A Question of Authority

Boldly Inclusive

Boldly Inclusive

To speak or to write with authority, one must be knowledgeable and not just opinionated. It is not that opinions do not matter; it is only that anyone may have one. Bloggers who pretend to journalism are like television news presenters, who may look and sound like authorities but who lack the actual depth of knowledge or experience to be taken more than slightly seriously. The ver sacrum of contemporary journalistic practice flows from a very ancient and optimistic view that history can be recorded objectively. Whether or not objectivity is more myth than substance, there is no reason to run pell-mell in the opposite direction, into the dimly lit basements of the blog. Bloggers may have their place in the community of ideas but it is not at the table’s head.

Journalism, as practiced in the modern era – the time before the bomb and after the stains of yellow journalism were sponged and lifted from the page in an increasingly competitive commercial market – has an established code of ethics. Journalists gather information from at least three reliable sources; journalists try to remain objective, or at least they identify the biases they have; journalists adopt the often annoying practice of writing in the third person. The first two principles are easily proved and intuited; the last is simple as well; it signals – to all those who are paying attention – a devotion to the other two principles. Another reason for journalists to avoid the first person singular pronoun is that, absent authority, all personal opinions are equal. Many bloggers and talk radio personalities seem to believe that merely saying something often enough, loudly enough or with enough conviction is a sufficient substitute for the truth. The truth is, it is not.

For the religious minded, ultimate authority comes from God; there is no reasoning with them and one does well not to try. For the civic minded, authority derives from the State; there is no consoling them and one can only hope that they will listen to reason.

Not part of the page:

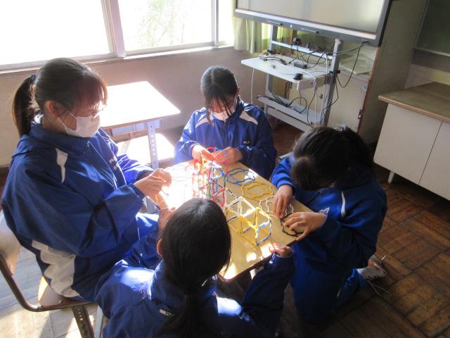 ポリドロン(1年) 2025年12月17日 最終更新日時 : 2025年12月17日 kumagaya_edit 昼休みの一室。ポリドロンで立体を作っている生徒がいました。三角形や四角形を組み合わせて立体をつくるパズルです。

Among many people today, the many media are the only authorities they recognize. The statement seems as quaint and terrible as that of the man who first uttered the banns for Henry VIII’s third marriage. Today, reporting is not so much recording history as it is reciting the morning’s talking points or rewriting blurbs from the AP wire. Which ones – and in what manner – these are recited or written is subject to the political, social and sometimes religious agenda of one’s publisher or station owner. When money comes in, truth flies out the window; and the incessant chatter of whichever echo-chamber one hates the most will not fail, so long as the checks clear.

Journalism has long had an established hierarchy: The reporter; the editor; the publisher. Among journalists, ideally, what separates the good from the great is a matter of authority. Authority among journalists may be conferred by either experience or education; somewhat surprisingly, the public at large seems suspicious of both. There are, today, more bloggers than journalists. This is an indisputable fact. The only requirements for becoming a blogger seem to be that one has access to a laptop and a coffee shop. It might be argued that not all bloggers are the same or that not all bloggers lack the authority to sustain more than mere opinion; but we must wonder how we can differentiate. Everyone is entitled to their own opinions; but not everyone keeps their opinions to themselves; because a blog receives two million views or “hits,” we cannot simply accept what its author has written as true or even worthy of consideration.

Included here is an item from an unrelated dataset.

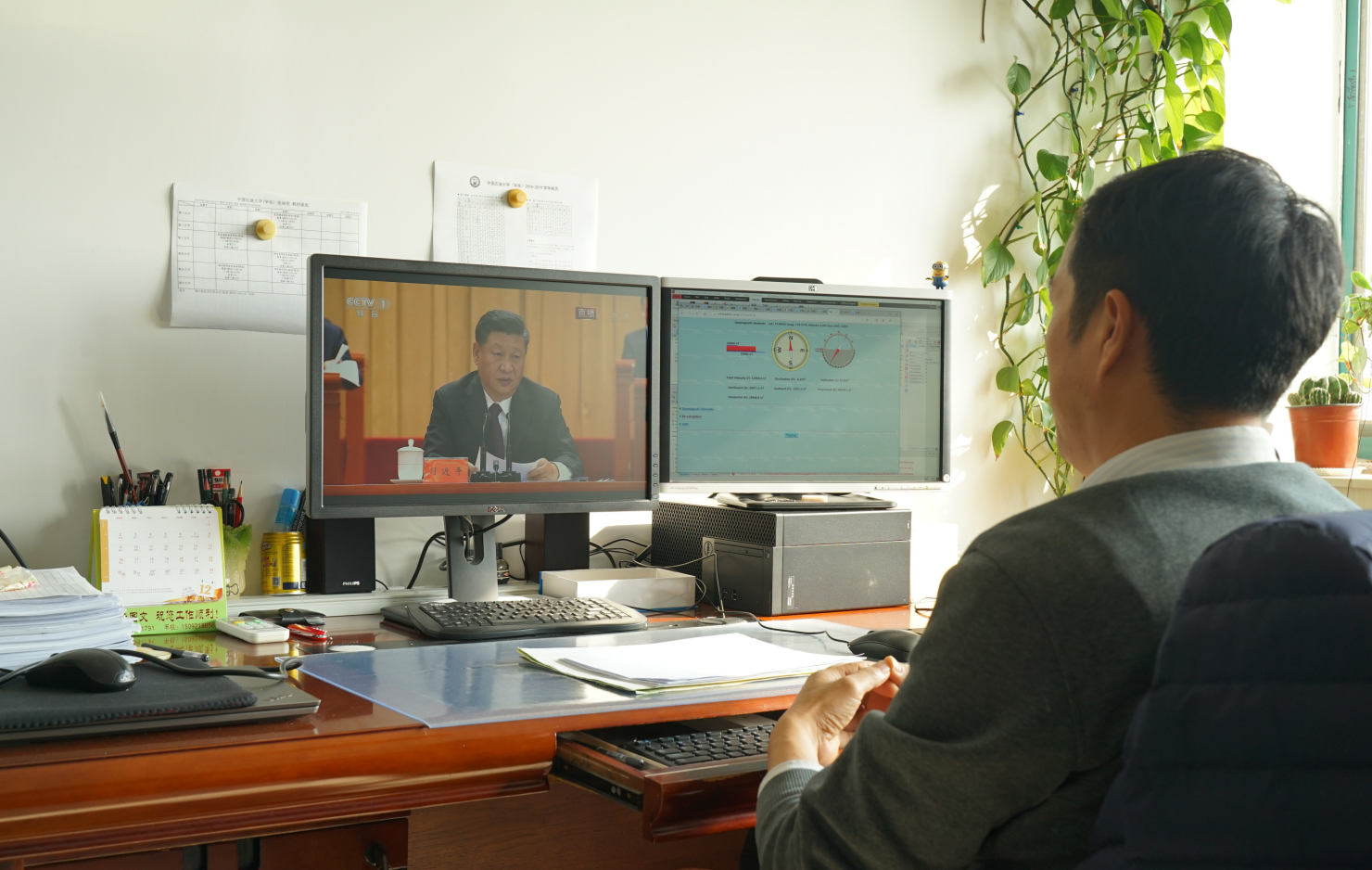 学院部分教师在办公室收看直播 雷斌摄影

There is another kind of authority that has not been mentioned yet: the authority that arises from tradition. The impulse toward creating traditional newspapers, with news reported by honest writers and edited by authoritative men and women well practiced in the art and published by people without secondary agendas still exists. The means of distribution is digital, not analog, but the inclination to report the truth and to clearly separate news from opinion has remained unaltered.